= SOURCE MATERIAL =

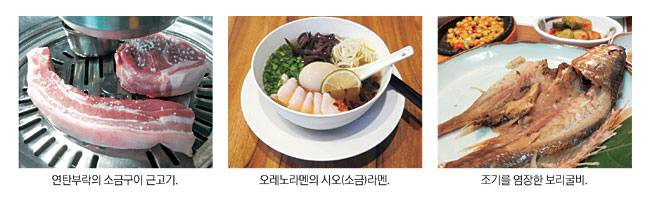 ◇소금구이 = 두툼한 고기를 썰어 굵은 소금을 뿌리고 그대로 구워 먹는 근고기는 글자 그대로 고깃덩이째 판매한다는 뜻이다. 고양시 삼송지구에서 오랜 세월 영업해온 연탄부락은 오겹살과 목살을 정말 어른 주먹 만하게 썰어 내는 근고기를 비롯해 생오겹살, 생삼겹살, 항정살 등이 맛있는 곳이다. 정말 한 근(600g)이다. 연탄불에 올려 이리저리 돌려가며 구워내면 짭조름한 소금기가 배어들어 한층 풍미가 좋아진다. 육즙을 가득 품은 고기도 좋고 계란찜, 추억의 도시락 등 곁들임도 맛있다. 경기 고양시 덕양구 삼송로193번길 14. 4만5000원.
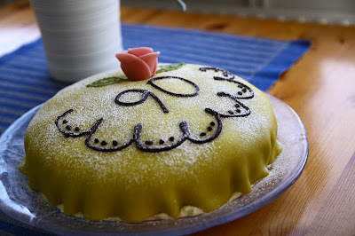 Igår på förmiddagen var vi på 90 års-kalas där min kära morfar var jubilar. Jag hoppas han inte fick en magsjuka av oss, utan vi nöjer oss med att ge bort ballonger och en hembakt princesstårta.
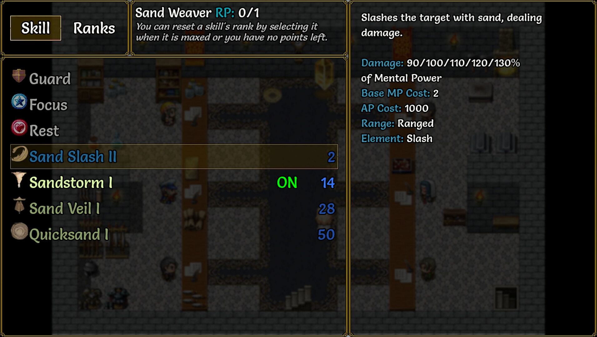 Sand Veil: Cloaks an ally with sand, increasing evasion and damaging attackers.
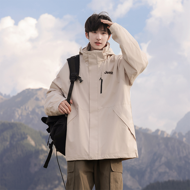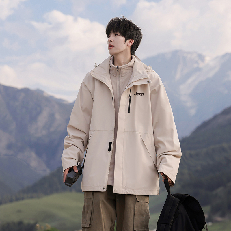 Куртка мужская Jeep, бежевая [3-в-1 с подкладкой из пуха серебристой лисы]

= BRIEF =
Leaving aside every picture, transcribe exactly the lines that run from the one with "Igår på förmiddagen" to the close of the listing above.

= RESPONSE AREA =
 Igår på förmiddagen var vi på 90 års-kalas där min kära morfar var jubilar. Jag hoppas han inte fick en magsjuka av oss, utan vi nöjer oss med att ge bort ballonger och en hembakt princesstårta.
 Sand Veil: Cloaks an ally with sand, increasing evasion and damaging attackers.
 Куртка мужская Jeep, бежевая [3-в-1 с подкладкой из пуха серебристой лисы]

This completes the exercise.